Most mornings since we semi-moved up here, I’ve been in charge of making coffee for Alli’s mother, as well as the two (sometimes three) of us. Today her mom had slept late but now… now it was time for coffee.

The gate clattered and down the driveway strode Barb, imperious in a purple house robe and goldenrod head wrap. In her left hand she clutched with purpose a heavy stoneware coffee cup. She sniffed the air as she approached and, without so much as a rattle or knock, pulled open the door and climbed the steps into the Mothership.

“I smelled coffee,” she said.

“Come on in,” I replied. Waving towards the coffee pot I said, “Creamer’s in the fridge and coffee’s in the pot. You want to sit down and I’ll-“

“Oh, no, hun. I just need my morning cuppa and then I’ll back and work on my list for the day.”

“You sure mom?” Alli asked. “We got plenty left.”

Barb shook her head and began to fill her mug from the steaming brass pot. “No, no. I just came downstairs and said to myself, what’s the point of fighting with the Keurig? They’ll have a pot out in the camper.”

“Can you pour me some?” Boychild asked.

“Have you finished your math?” I replied, talking hurriedly before his grandmother could respond.

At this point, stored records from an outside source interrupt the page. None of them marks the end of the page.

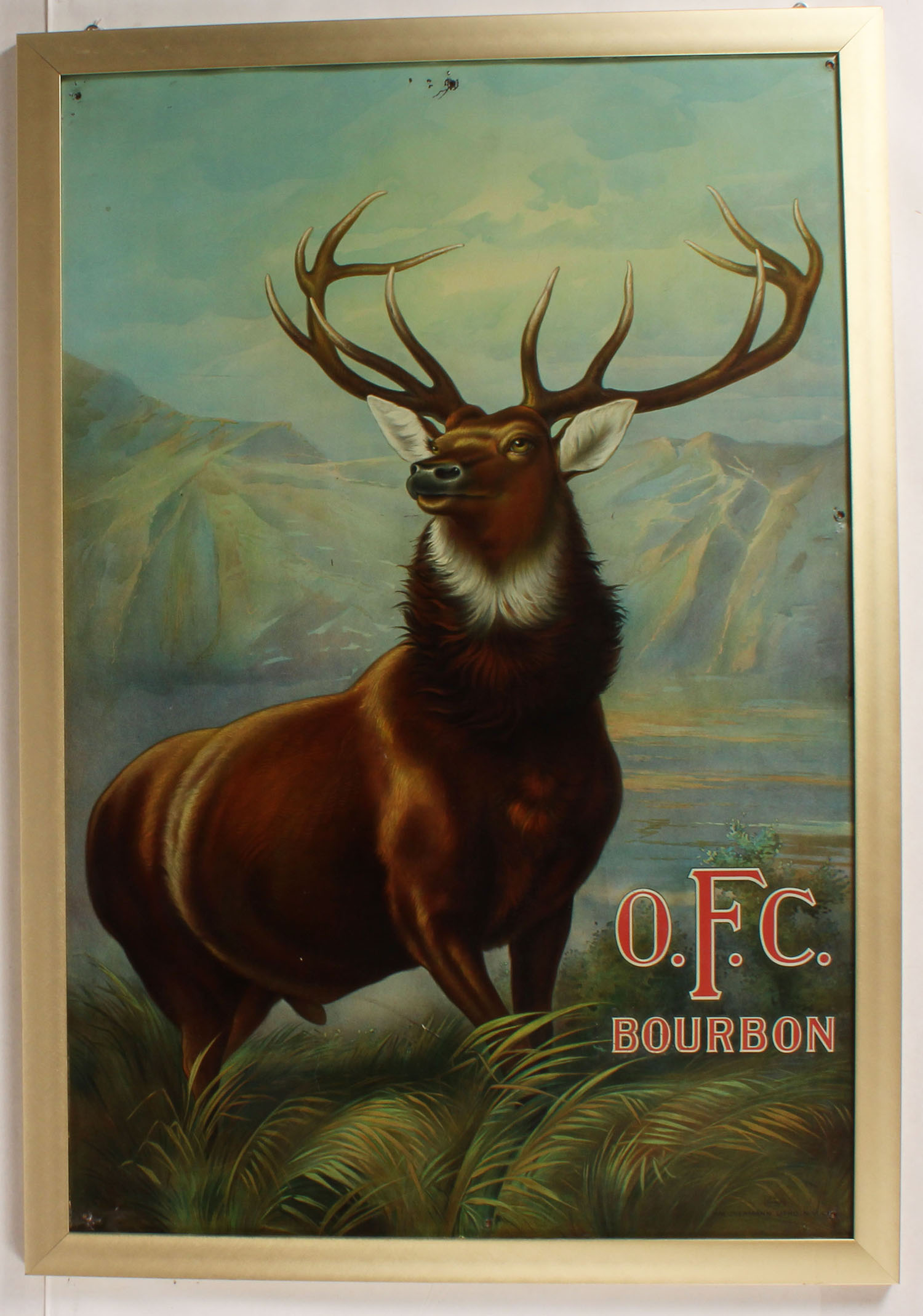 Old Fashioned Copper Bourbon metal sign, in 1870 E.H. Taylor Jr. christened is now distillery using all copper stills, piping & fermenters, pictures a large Elk or Stag with lake & mountains in background, has great colors with a few small holes, 23 1/2'' x 35'', framed. Grade: Excellent - Value: 200 to 2000
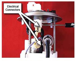 6. Disconnect the upper sending unit wiring connector by gently depressing the harness connector tab. Disconnect the lower fuel pump motor connector. Cut the tie-wrap from the sending unit wiring.
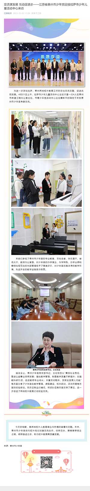 《江苏校外》交流谋发展 互动促进步——江苏省泰州市少年宫迎接拉萨市少年儿童活动中心来访
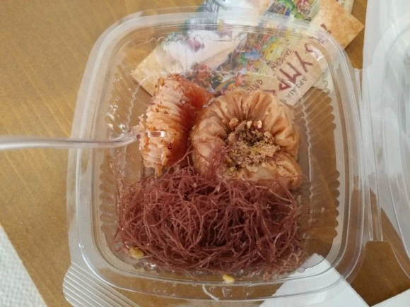 저녁은 아까 다 남긴 수블라키로 해결하기로 하고 포장을 부탁한다. 그리고 내일 아침 겸 간식겸으로 근처 제과점(?)에 가서 달달구리한것들을 골라왔다.
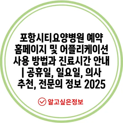 ✅ 포항시티요양병원 예약 방법을 자세히 알아보세요.
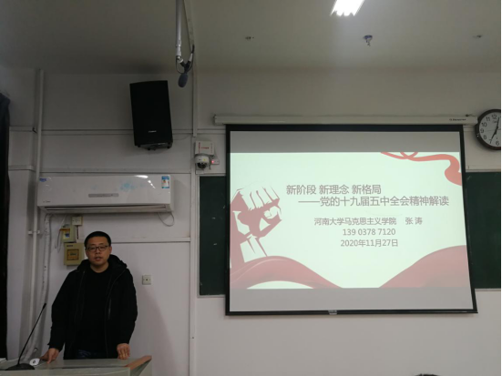 11 月27日,德赢winac米兰邀请德赢ac米兰官方合作马克思主义学院教师、河南省理论宣讲团专家张涛教授,进行题为“‘新阶段、新理念、新格局’——党的十九届五中全会精神解读”专题报告。本次学习是在前期党委中心组学习、各党支部学习讨论的基础上,与学院党委第十九期入党积极分子培训班的同学们共同深入学习贯彻十九届五中全会精神。学院党委委员及德赢winac米兰师生代表参加了本次报告会。

He looked back at me over the laptop lid and ever so slowly began to sink lower into the bench seat until only a tuft of blond hair was visible over the keyboard.

“You finish your work and then come inside,” Barb said, mixing creamer into her coffee. She dropped the chromed plastic spoon into the sink and headed towards the door.

“Don’t you wanna stay out here?” Alli asked. “At least until daddy is awake?”

Barb shook her betoweled head and stepped down out of the camper. “I’ll see you inside. I just wanted to get some coffee and say good morning.”

Even as I write this, my eyes heavy from a long day of videoconferences and my stomach discontent at being subjected to a cup of coffee this morning, I’m looking forward to my next cup… and wishing that I could drink it without consequence.